4. Conclusions et recommandations

40. Il convient de saluer l’engagement de l’Union européenne à mettre pleinement en œuvre les droits humains européens dans toutes ses politiques en matière de migration et d’asile. La proposition de Pacte européen sur les migrations et l’asile doit refléter pleinement cet objectif, que la majorité des États de l’Union européenne ont réaffirmé en 2018 en votant en faveur des Pactes mondiaux des Nations Unies pour les réfugiés et les migrations. Avant d’entamer la négociation des mesures constitutives du Pacte, il conviendrait de procéder à une vérification intégrale de la conformité de cet instrument aux droits humains notamment en évaluant minutieusement la compatibilité de chaque mesure avec la jurisprudence de la Cour européenne des droits de l’homme. Le Pacte devrait être l'occasion de promouvoir la coopération et la solidarité, où les États du Conseil de l'Europe peuvent jouer un rôle clé. Le rôle de l’Union européenne et de ses États membres en tant que champions de la protection des droits humains dans la région, en particulier en ce qui concerne les réfugiés et les migrants, ne doit en effet pas être compromis par de telles propositions.
a. Le règlement sur le filtrage proposé dans le Pacte devrait être modifié pour inclure un recours suspensif effectif contre une catégorisation incorrecte du filtrage, qui respecte pleinement les obligations découlant du droit à un recours effectif (article 13 de la Convention).
b. L'Union européenne doit veiller à ce que chaque demandeur d'asile à la frontière de l'Union ou relevant de sa juridiction reçoive une évaluation juste et efficace de sa demande de protection internationale, dans le respect des obligations de non-refoulement, et comme identifié par cette Assemblée. L’illusion juridique que constitue la «non-entrée» devrait être supprimée afin de garantir l’accès à une procédure équitable pour tous.
c. Les dispositions relatives aux restrictions et à la privation de liberté doivent être précises, suffisamment claires et non ambiguës pour protéger les migrants et les réfugiés de toute rétention illégale et garantir leur conformité avec les obligations découlant du droit à la liberté (article 5 de la Convention).
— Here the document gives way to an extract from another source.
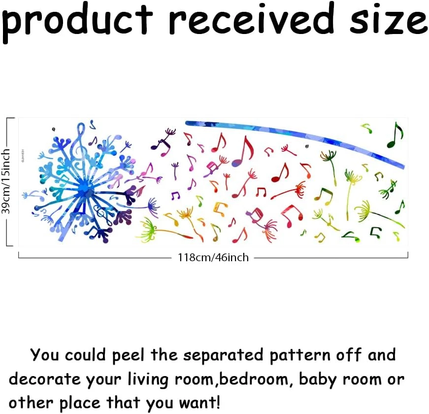 Colorful Dandelion Wall Stickers: 1 sheet of colorful dandelion music note wall sticker which is stunning, unique and suits a variety of people. The wall sticker is perfect for homes, community halls and schools. Bedroom Decor: This watercolor wall stickers will make any nursery, child's bedroom, or playroom feel warm and friendly. Beautiful DIY decoration for nursery, classroom, bedroom, girls room, hallway or playroom. Individual Peelable: All patterns can be peeled and pasted individually. The sheet size of the stickers is about 46x15in/118x39cm. Note: The scene picture is for reference only, please refer to the dimension mark for the actual size. Semi-transparent & Peel and Stick: These stickers are self-adhesive, just peel and stick and all is well done. Semi-transparent material makes it possible to use on transparent surface. Perfect Room Decoration: It can be used on any smooth, dry and clean surfaces door, wall, living room, bedroom, hotel, and etc. Product Description SUPERDANT Colorful Wall Stickers Boho Plants Color Blocks Stikcers Suitable for decorating bedroom, living room, nursery room, playroom, and more Farm Animals Stickers for kitchen / framhouse themed room decorations Flowers Stickers Roses / Dandelion / Potted Plant / Tropical Plants for Bedroom, Living Room Decoration 1 For Living Room 2 For Kitchen 3 For Bedrrom Trendy Stcikers Add to Cart Add to Cart Add to Cart Add to Cart Add to Cart Add to Cart Add to Cart Customer Reviews 4.4 out of 5 stars 19 3.1 out of 5 stars 5 4.1 out of 5 stars 13 4.3 out of 5 stars 37 4.2 out of 5 stars 12 3.6 out of 5 stars 5 4.2 out of 5 stars 5 Price $12.49 $ 12 . 49 $11.59 $ 11 . 59 $9.99 $ 9 . 99 $12.09 $ 12 . 09 $9.99 $ 9 . 99 $13.39 $ 13 . 39 $9.99 $ 9 . 99 Themes Flowers Flowers Fuits Country Butterfly Moon Phase Mountain Styles Nature Modern Vintage Vintage Nature Abstract Nature Suitable for Living Room Bedroom Bathroom Living Room Bedroom Kitchen Kitchen Living Room Bedroom Bathroom Living Room Bedroom Bathroom Living Room Bedroom Bathroom Colorful ✔ ✔ ✔ ✔ ✔ ✔ ✔ Reusable ✘ ✘ ✘ ✘ ✘ ✘ ✘ Glow in The Dark Wall Stickers Glow in The Dark Wall Stickers Glow in The Dark Wall Stickers

Les propositions du Pacte devraient inclure des références explicites à l’utilisation de la rétention comme mesure de dernier recours, ainsi que des références claires à l’obligation d’œuvrer en faveur d’alternatives à la rétention.
d. La réglementation de l’Union européenne relative aux migrations économiques doit de toute urgence être revue pour mieux rendre compte des réalités de ce type de migrations et répondre aux mouvements de population légitimes. Le cas de la législation polonaise s’appliquant aux travailleurs migrants ukrainiens peut être utilisé comme exemple à propos du recours à des dispositifs complémentaires d’accès à la migration dans l’Union européenne.
e. Tous les enfants de moins de 18 ans devraient être exemptés de procédures aux frontières, quel que soit leur âge, conformément au principe de l’intérêt supérieur de l’enfant et aux obligations vis-à-vis des enfants, comme cela est souligné dans la Convention relative aux droits de l’enfant et dans les résolutions de l’Assemblée.
f. Les procédures spéciales pour la protection des personnes en situation vulnérable doivent répondre aux besoins de ces personnes et intégrer les devoirs accrus de soutien qui découlent des obligations en matière de droits de l'homme. Il s'agit notamment d'intégrer des considérations liées au handicap, à l'âge et au sexe dans tous les processus de migration et d'asile.
g. Les propositions du Pacte devraient clarifier le soutien qui doit être apporté aux personnes identifiées comme étant en situation de vulnérabilité. Elles devraient inclure un soutien complet répondant aux besoins élémentaires en matière de santé et de protection sociale et prendre en compte les vulnérabilités spécifiques.
h. L’Union européenne devrait entreprendre une évaluation transversale des répercussions de ces propositions sur les femmes et les filles en situation de vulnérabilité. Cette évaluation devrait identifier l’impact différentiel des propositions en tenant compte des inconvénients préexistants et s’accompagner d’initiatives visant à combler ces inégalités.
i. Un bilan transversal de ces propositions doit être effectué pour en déterminer la conformité avec les obligations envers les personnes handicapées, conformément aux obligations découlant de la Convention des Nations unies relative aux droits des personnes handicapées. En particulier, le devoir des États de fournir des aménagements raisonnables aux personnes handicapées devrait être explicitement mentionné comme étant une obligation.
j. La Commission européenne devrait continuer à tenir les États membres de l’Union européenne pour responsables de la manière dont ils traitent les migrants et les réfugiés en exerçant pleinement les pouvoirs qui lui sont conférés par le droit communautaire d’engager des procédures d’infraction dès lors que des États membres ne respectent pas leurs obligations en matière de droits humains.